* **WHAT YOU NEED TO DO**: What is needed is a word-for-word copy of the lines below from the one with "复古度假肌理感绿色吊带抹胸游泳衣小个子短裙温泉度假拍照穿搭" through the one with "Material: Piercing Schmuck Banana", both included, with every picture left out.

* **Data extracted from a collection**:
----------------

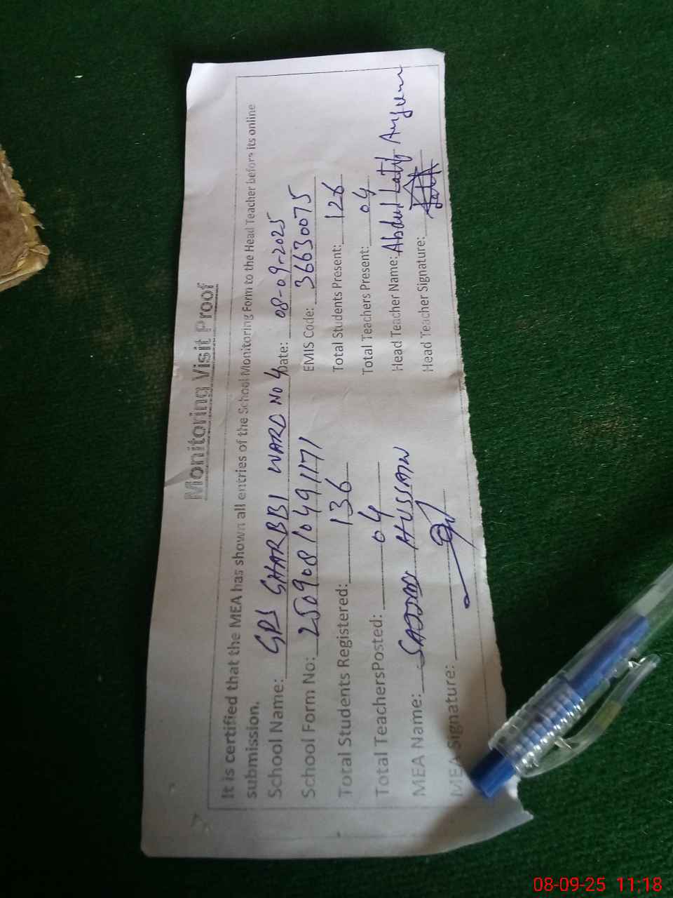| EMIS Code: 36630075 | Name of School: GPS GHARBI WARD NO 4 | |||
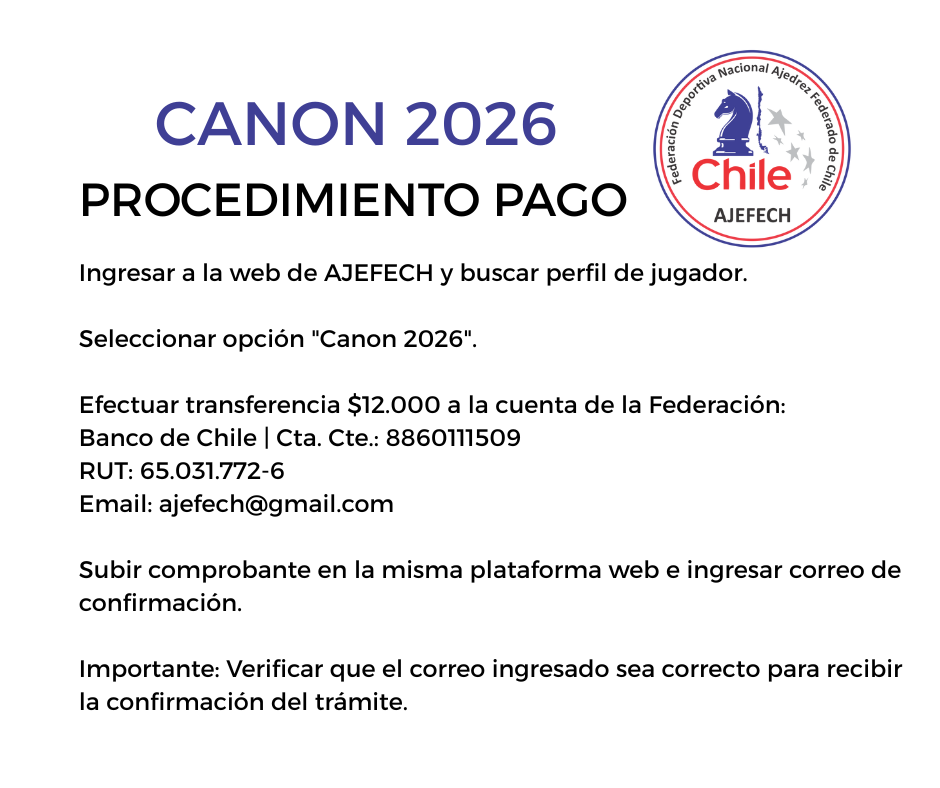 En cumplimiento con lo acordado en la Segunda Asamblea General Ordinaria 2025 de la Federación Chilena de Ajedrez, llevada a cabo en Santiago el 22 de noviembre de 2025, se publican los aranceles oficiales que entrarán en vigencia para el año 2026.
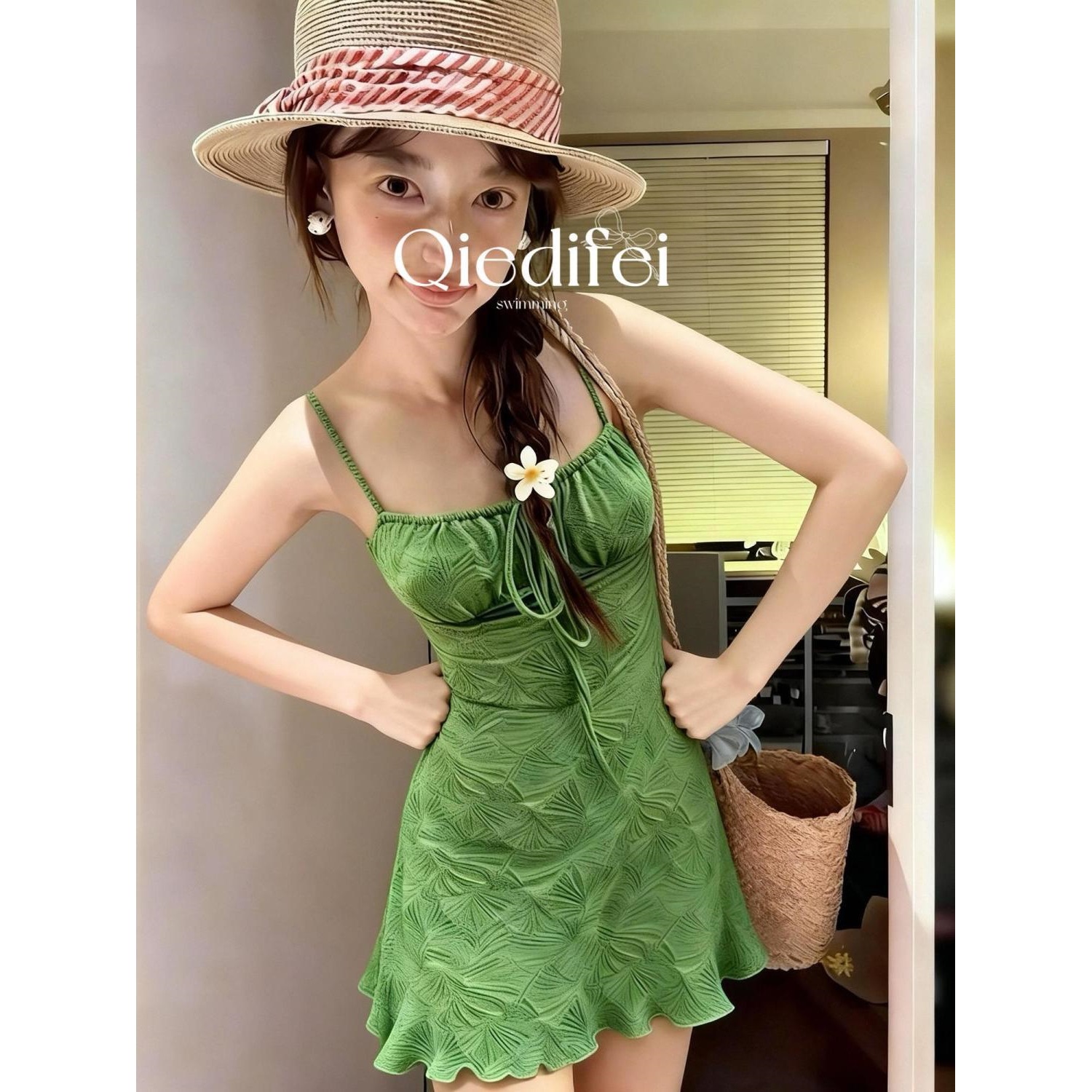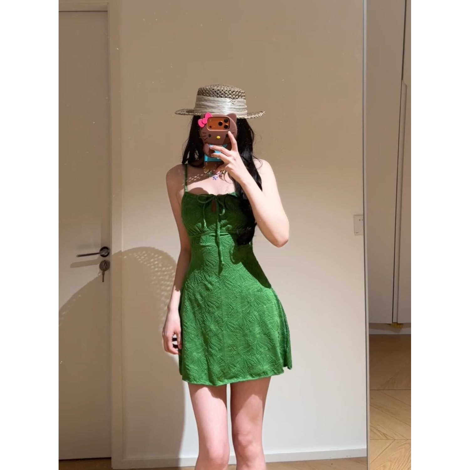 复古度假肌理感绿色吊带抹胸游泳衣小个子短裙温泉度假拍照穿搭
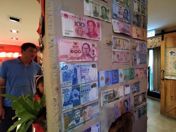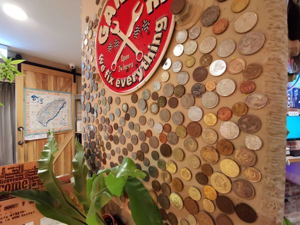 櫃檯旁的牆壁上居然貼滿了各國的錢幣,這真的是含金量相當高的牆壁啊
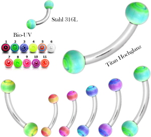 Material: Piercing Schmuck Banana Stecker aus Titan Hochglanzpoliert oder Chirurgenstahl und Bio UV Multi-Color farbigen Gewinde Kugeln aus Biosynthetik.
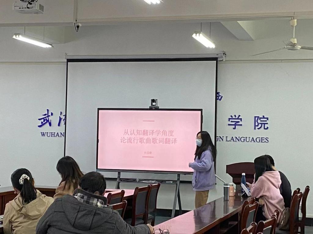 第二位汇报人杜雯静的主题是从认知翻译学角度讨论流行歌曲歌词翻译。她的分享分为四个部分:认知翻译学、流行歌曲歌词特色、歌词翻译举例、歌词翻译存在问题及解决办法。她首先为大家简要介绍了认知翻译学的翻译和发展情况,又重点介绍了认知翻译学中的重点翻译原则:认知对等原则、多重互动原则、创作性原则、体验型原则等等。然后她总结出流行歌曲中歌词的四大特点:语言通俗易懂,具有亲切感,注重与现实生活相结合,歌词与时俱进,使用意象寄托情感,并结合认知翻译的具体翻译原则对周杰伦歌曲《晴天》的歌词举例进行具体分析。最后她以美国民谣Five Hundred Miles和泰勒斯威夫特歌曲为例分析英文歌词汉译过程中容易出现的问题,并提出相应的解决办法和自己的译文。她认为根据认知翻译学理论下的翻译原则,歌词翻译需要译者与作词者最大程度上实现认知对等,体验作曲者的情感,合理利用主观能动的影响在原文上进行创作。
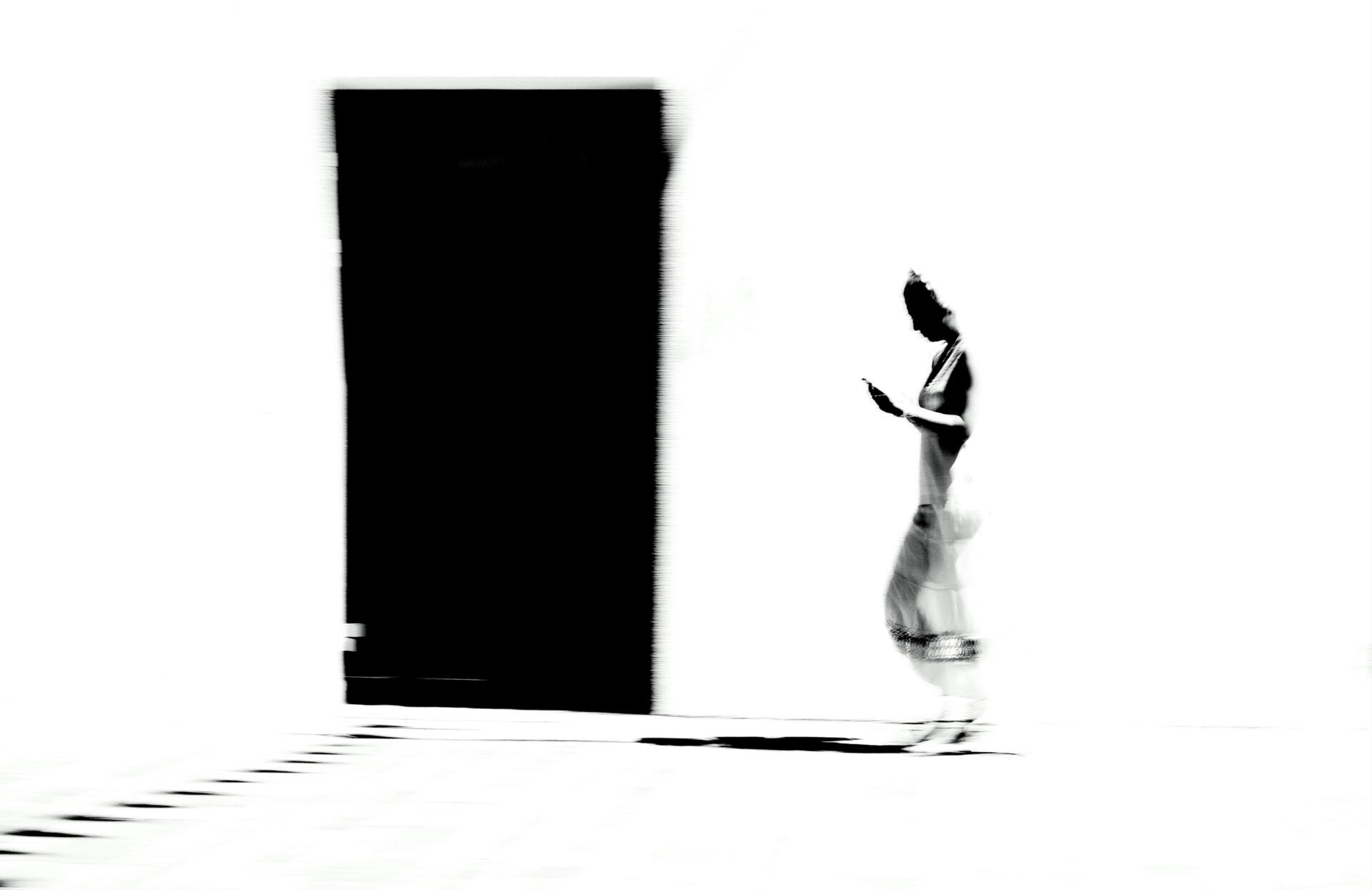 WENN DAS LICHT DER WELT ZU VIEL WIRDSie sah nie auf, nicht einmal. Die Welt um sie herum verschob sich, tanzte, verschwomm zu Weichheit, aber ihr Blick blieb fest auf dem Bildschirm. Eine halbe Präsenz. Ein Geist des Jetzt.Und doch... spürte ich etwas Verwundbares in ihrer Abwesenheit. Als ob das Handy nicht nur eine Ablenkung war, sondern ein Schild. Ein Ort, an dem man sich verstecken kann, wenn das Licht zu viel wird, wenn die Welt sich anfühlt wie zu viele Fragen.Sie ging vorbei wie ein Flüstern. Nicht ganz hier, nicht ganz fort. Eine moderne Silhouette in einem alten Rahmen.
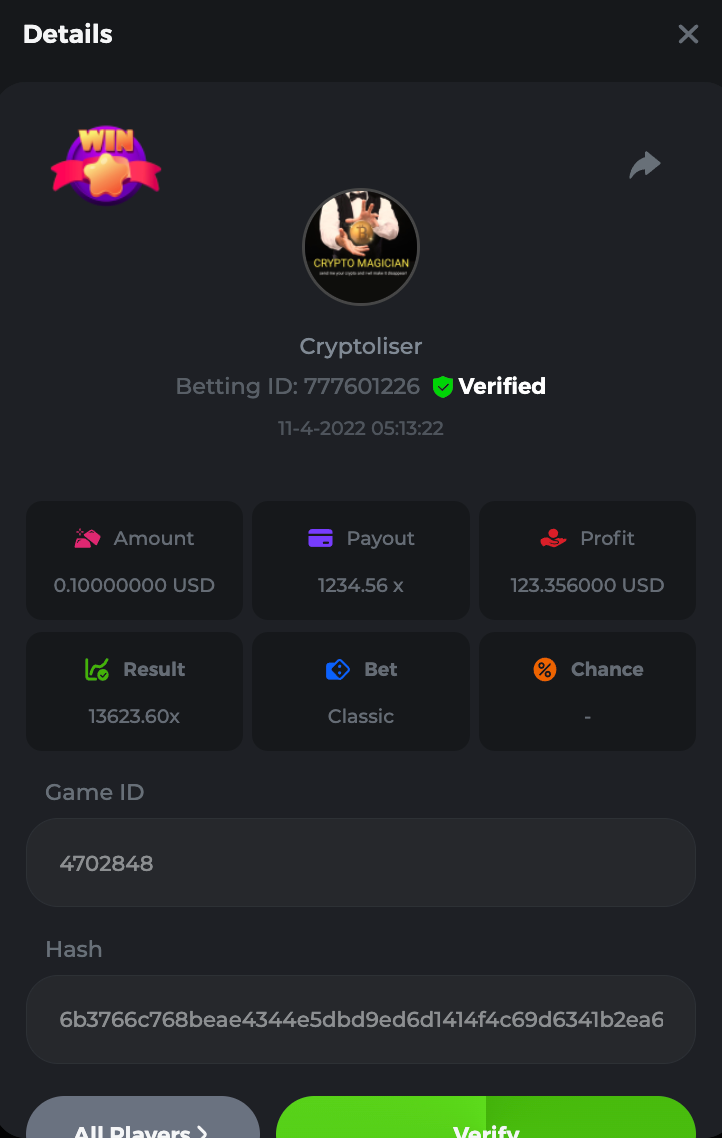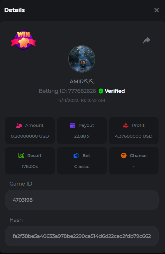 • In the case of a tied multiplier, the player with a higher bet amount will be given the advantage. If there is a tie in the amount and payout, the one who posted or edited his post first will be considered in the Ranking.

----------------

* **ANSWER AREA**:
 复古度假肌理感绿色吊带抹胸游泳衣小个子短裙温泉度假拍照穿搭
 櫃檯旁的牆壁上居然貼滿了各國的錢幣,這真的是含金量相當高的牆壁啊
 Material: Piercing Schmuck Banana Stecker aus Titan Hochglanzpoliert oder Chirurgenstahl und Bio UV Multi-Color farbigen Gewinde Kugeln aus Biosynthetik.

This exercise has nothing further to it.